__YOUR INSTRUCTIONS__: Print the listing below exactly, images excluded.

Segment Start: DATASET SECTION

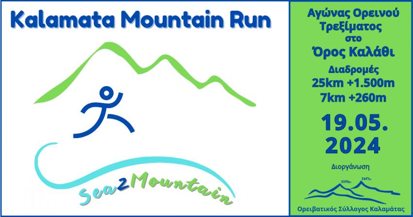 Ο Ορειβατικός Σύλλογος Καλαμάτας σε συνεργασία με τον Δήμο Καλαμάτας διοργανώνει στις 19 Μαΐου 2024 το 1o Kalamata Mountain Run στο οποίο περιλαμβάνονται 2 αγώνες ορεινού τρεξίματος:
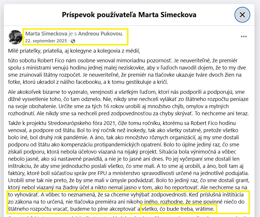 V septembri sa zistilo, že "slušnoľuďom" vôbec nesmrdia štátne podpory "Tejtokrajiny"a na ich získanie matka lídra opozície Michala Šimečku (Progresívne Slovensko) neváhala ani opakovane podvádzať. Jej rozprávky v stredu ukončilo rokovanie vlády, ktoré odobrilo výsledky auditu o neoprávnenom financovaní jej povestného "PROJEKTu FÓRUM". V septembri VEREJNE SĽÚBILA, že všetko vráti. Nestalo sa a miesto nápravy škody opäť len útočí. Progresívne médiá ohlušujúco mlčia.
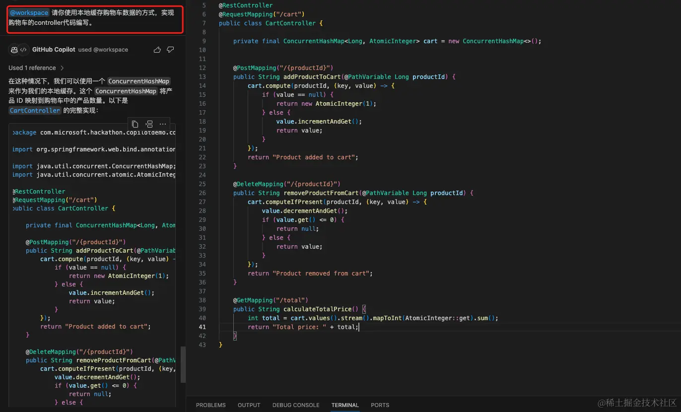 我们使用 workspace 命令,直接让 Copilot 生成 CartController 代码。

Segment End: DATASET SECTION

__SOLUTION TO THIS TASK__:
 Ο Ορειβατικός Σύλλογος Καλαμάτας σε συνεργασία με τον Δήμο Καλαμάτας διοργανώνει στις 19 Μαΐου 2024 το 1o Kalamata Mountain Run στο οποίο περιλαμβάνονται 2 αγώνες ορεινού τρεξίματος:
 V septembri sa zistilo, že "slušnoľuďom" vôbec nesmrdia štátne podpory "Tejtokrajiny"a na ich získanie matka lídra opozície Michala Šimečku (Progresívne Slovensko) neváhala ani opakovane podvádzať. Jej rozprávky v stredu ukončilo rokovanie vlády, ktoré odobrilo výsledky auditu o neoprávnenom financovaní jej povestného "PROJEKTu FÓRUM". V septembri VEREJNE SĽÚBILA, že všetko vráti. Nestalo sa a miesto nápravy škody opäť len útočí. Progresívne médiá ohlušujúco mlčia.
 我们使用 workspace 命令,直接让 Copilot 生成 CartController 代码。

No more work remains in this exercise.